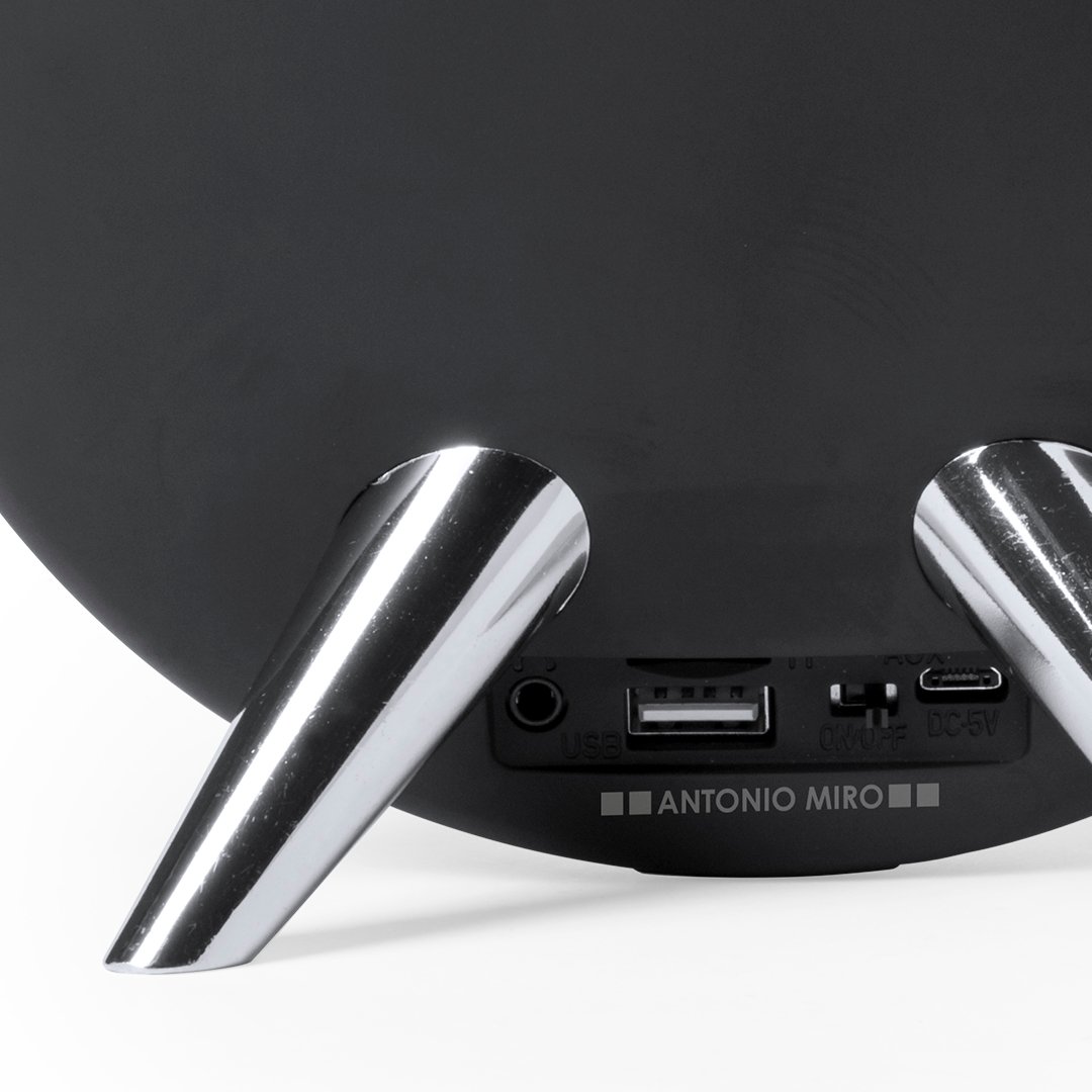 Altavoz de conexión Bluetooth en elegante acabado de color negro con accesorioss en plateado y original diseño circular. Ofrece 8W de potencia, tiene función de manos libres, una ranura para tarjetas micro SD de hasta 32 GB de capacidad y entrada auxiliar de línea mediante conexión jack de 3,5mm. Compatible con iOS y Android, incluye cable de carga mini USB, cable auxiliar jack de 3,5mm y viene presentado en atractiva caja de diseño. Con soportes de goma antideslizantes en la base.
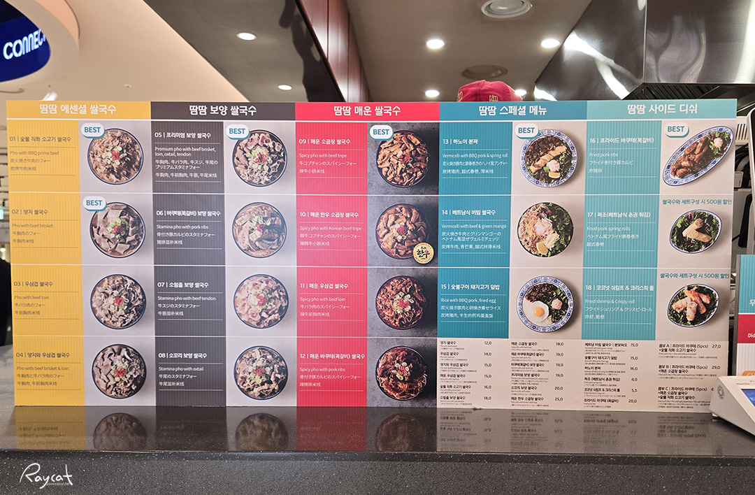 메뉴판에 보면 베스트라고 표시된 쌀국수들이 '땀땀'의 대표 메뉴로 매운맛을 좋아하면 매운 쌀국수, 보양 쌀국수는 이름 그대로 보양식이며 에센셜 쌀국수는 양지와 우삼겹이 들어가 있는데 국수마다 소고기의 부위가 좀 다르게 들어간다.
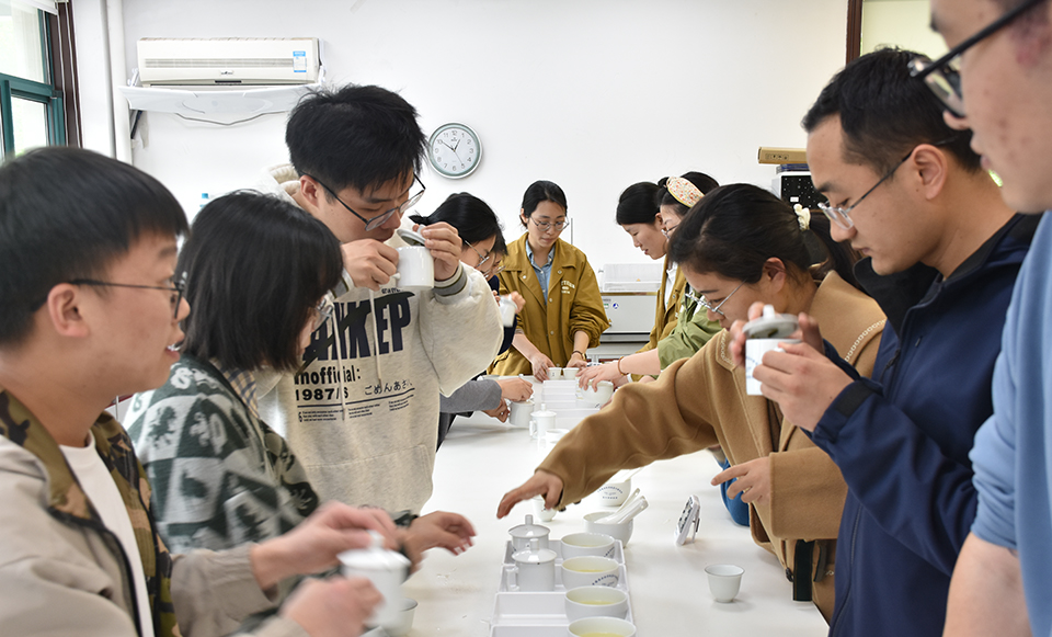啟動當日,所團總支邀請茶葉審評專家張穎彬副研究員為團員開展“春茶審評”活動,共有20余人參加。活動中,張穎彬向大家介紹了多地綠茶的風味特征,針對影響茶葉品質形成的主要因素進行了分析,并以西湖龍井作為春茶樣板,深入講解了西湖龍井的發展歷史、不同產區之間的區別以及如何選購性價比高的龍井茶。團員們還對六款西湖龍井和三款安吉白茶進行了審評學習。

* **Task description**: None of the pictures belong in the copy; transcribe the rest of the data exactly.

* **Finished exercise**:
 Altavoz de conexión Bluetooth en elegante acabado de color negro con accesorioss en plateado y original diseño circular. Ofrece 8W de potencia, tiene función de manos libres, una ranura para tarjetas micro SD de hasta 32 GB de capacidad y entrada auxiliar de línea mediante conexión jack de 3,5mm. Compatible con iOS y Android, incluye cable de carga mini USB, cable auxiliar jack de 3,5mm y viene presentado en atractiva caja de diseño. Con soportes de goma antideslizantes en la base.
 메뉴판에 보면 베스트라고 표시된 쌀국수들이 '땀땀'의 대표 메뉴로 매운맛을 좋아하면 매운 쌀국수, 보양 쌀국수는 이름 그대로 보양식이며 에센셜 쌀국수는 양지와 우삼겹이 들어가 있는데 국수마다 소고기의 부위가 좀 다르게 들어간다.
啟動當日,所團總支邀請茶葉審評專家張穎彬副研究員為團員開展“春茶審評”活動,共有20余人參加。活動中,張穎彬向大家介紹了多地綠茶的風味特征,針對影響茶葉品質形成的主要因素進行了分析,并以西湖龍井作為春茶樣板,深入講解了西湖龍井的發展歷史、不同產區之間的區別以及如何選購性價比高的龍井茶。團員們還對六款西湖龍井和三款安吉白茶進行了審評學習。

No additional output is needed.